When using a normal collection, the planner is able to find the DISTINCT_SCAN
plan:
test> db.test_index_skipping.getIndexKeys()
[ { _id: 1 }, { attributes: 1 } ]
test> db.test_index_skipping.explain().distinct('attributes')
{
explainVersion: '1',
queryPlanner: {
namespace: 'test.test_index_skipping',
indexFilterSet: false,
parsedQuery: {},
queryHash: '2211C6E0',
planCacheKey: 'E10B2080',
maxIndexedOrSolutionsReached: false,
maxIndexedAndSolutionsReached: false,
maxScansToExplodeReached: false,
winningPlan: {
stage: 'PROJECTION_COVERED',
transformBy: {},
inputStage: {
stage: 'DISTINCT_SCAN',
keyPattern: { attributes: 1 },
indexName: 'attributes_1',
...
But this doesn’t work on a time-series collection, and the planner seems to default on COLLSCAN
:
test> db.createCollection('timeseries_index_skipping', { timeseries: { timeField: "timestamp", metaField: "metadata" } })
{ ok: 1 }
... insert some stuff ...
test> db.timeseries_index_skipping.createIndex({ 'metadata.attributes': 1 })
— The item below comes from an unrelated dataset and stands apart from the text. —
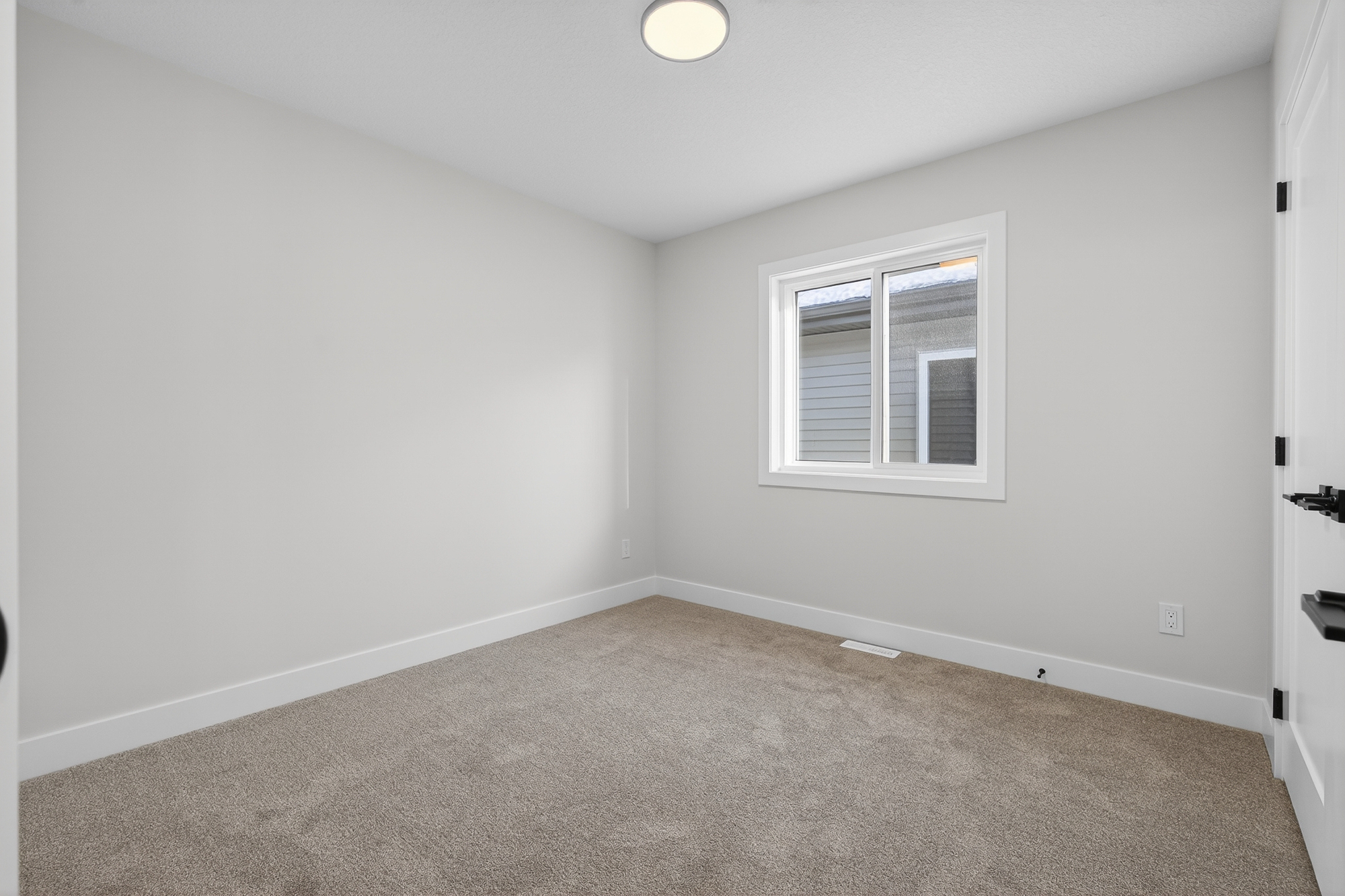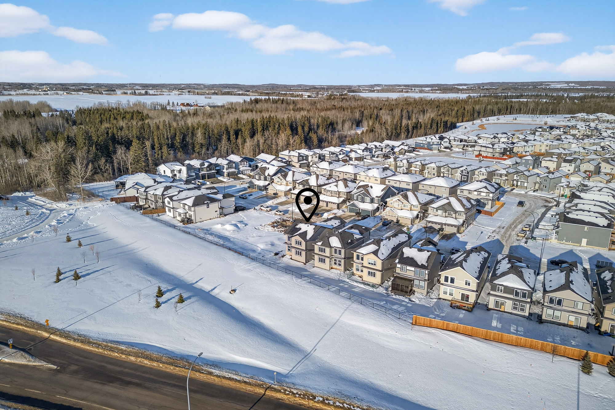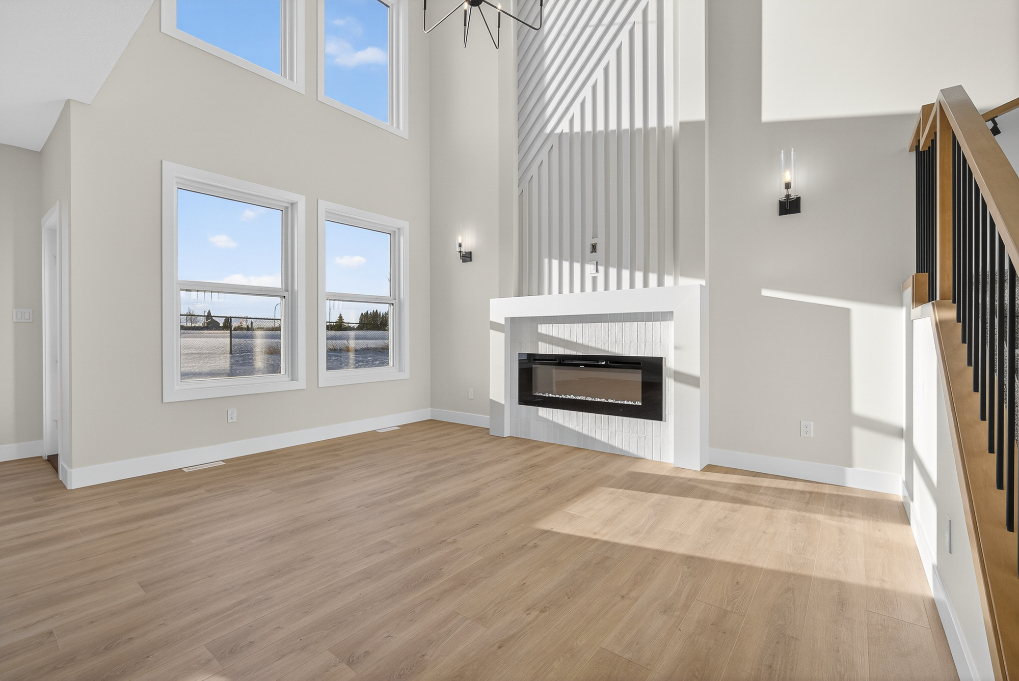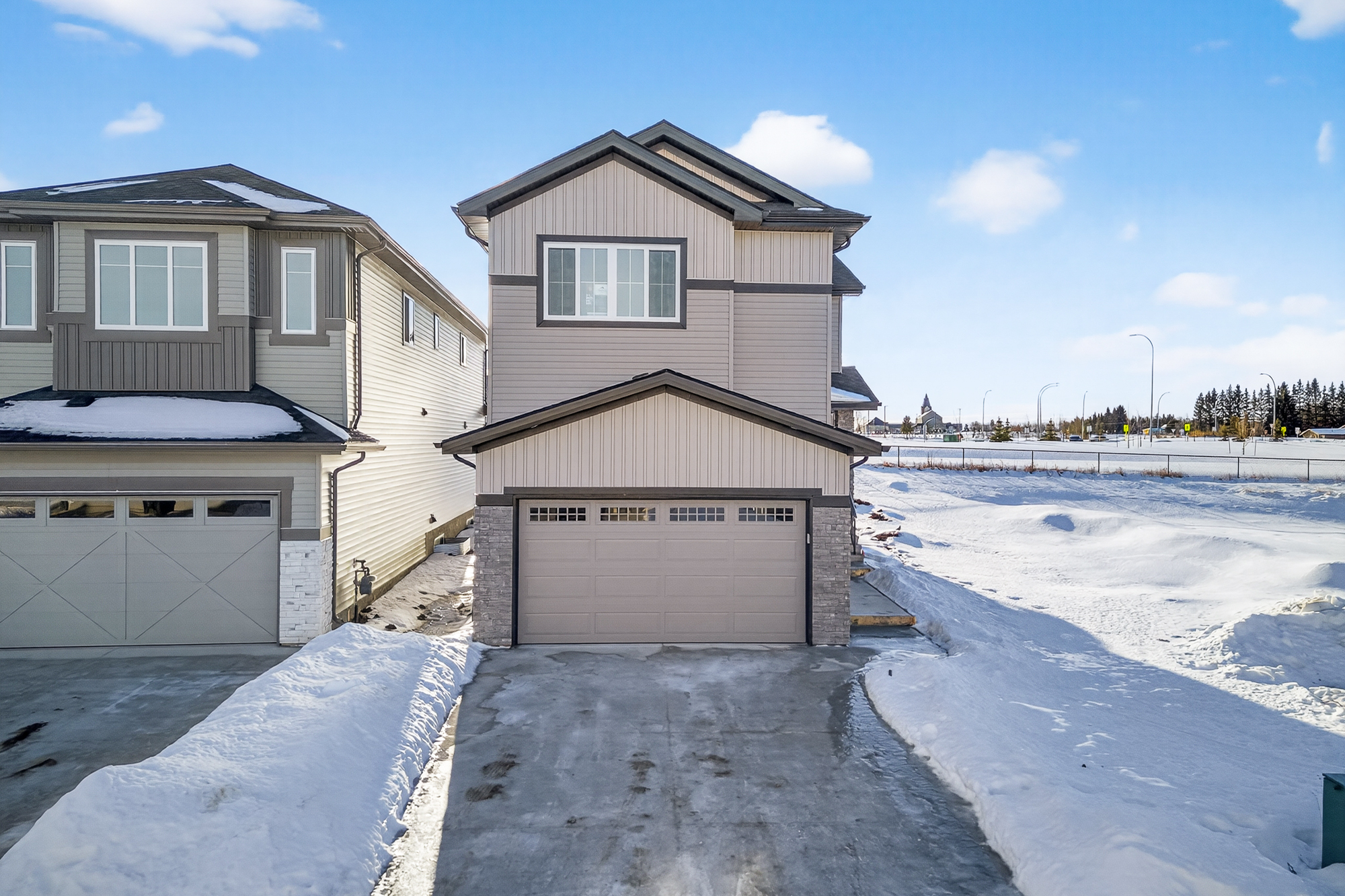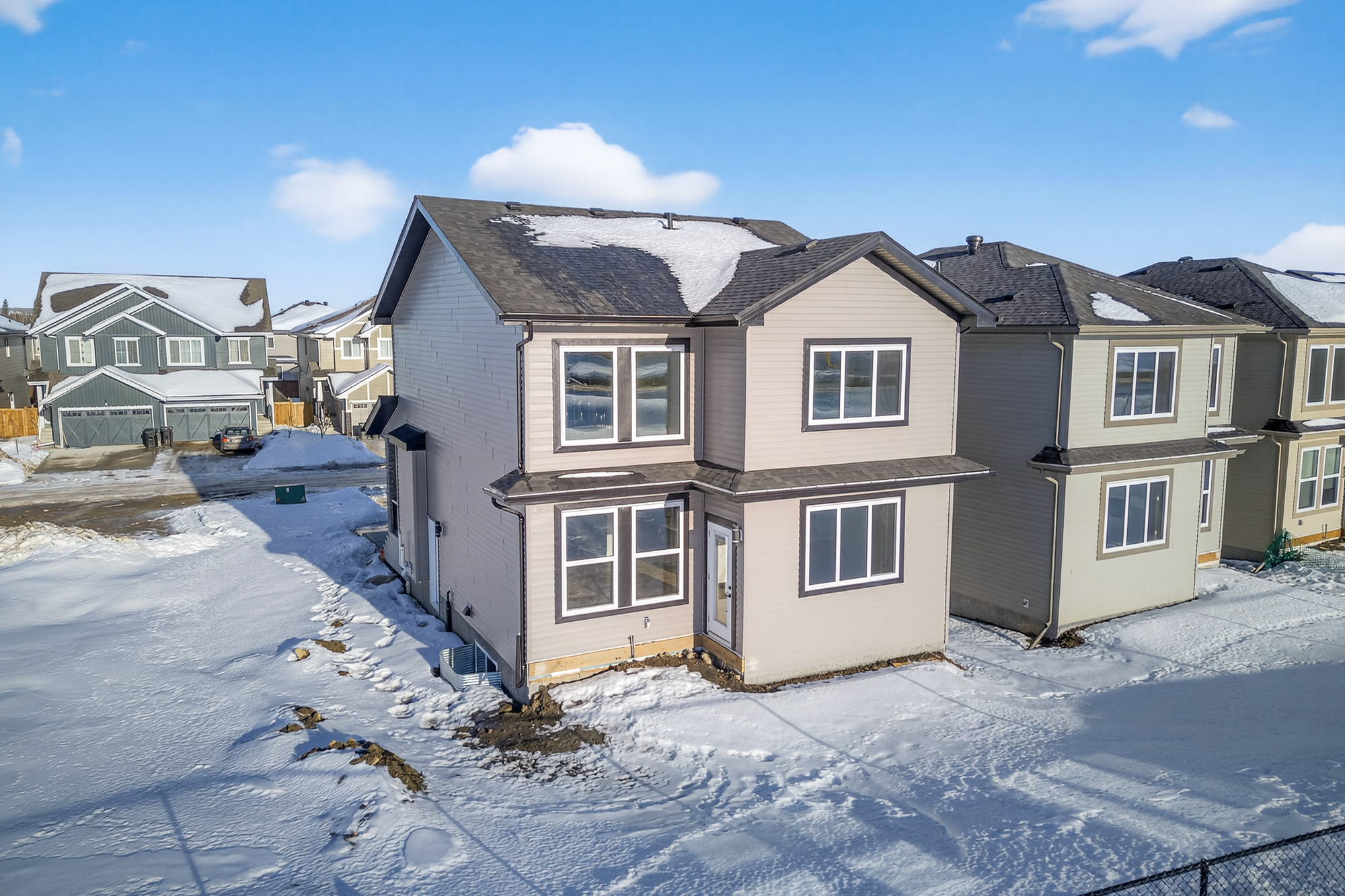 Experience this stunning New Era home with no rear neighbors, offering exceptional privacy and modern design. Thoughtfully crafted with an open-concept layout, the home features 9′ ceilings on the main and basement levels and a dramatic open-to-above great room complete with an electric fireplace and custom feature wall. The main floor offers a versatile den or optional fourth bedroom, a convenient half bath, and a chef-inspired kitchen showcasing quartz countertops and full-height cabinetry. Upstairs, enjoy a spacious bonus room with a tray ceiling, three well-appointed bedrooms, and a laundry room that connects directly to the primary ensuite for added convenience. The primary retreat features dual sinks, a freestanding soaker tub, and a tiled shower, creating a true spa-like experience. Additional highlights include a separate side entrance, tankless gas hot water system, MDF shelving, and an unfinished basement ready for your personal touch. MOVE-IN READY

test> db.timeseries_index_skipping.explain().distinct('metadata.attributes')
{
explainVersion: '1',
stages: [
{
'$cursor': {
queryPlanner: {
namespace: 'test.system.buckets.timeseries_index_skipping',
indexFilterSet: false,
parsedQuery: {},
queryHash: '8B3D4AB8',
planCacheKey: 'D542626C',
maxIndexedOrSolutionsReached: false,
maxIndexedAndSolutionsReached: false,
maxScansToExplodeReached: false,
winningPlan: { stage: 'COLLSCAN', direction: 'forward' },
rejectedPlans: []
}
}
},
{
'$_internalUnpackBucket': {
include: [ 'metadata' ],
timeField: 'timestamp',
metaField: 'metadata',
bucketMaxSpanSeconds: 3600
}
},
...
I tried to search JIRA for a bug but I couldn’t find anything, am I doing something wrong?
Thanks!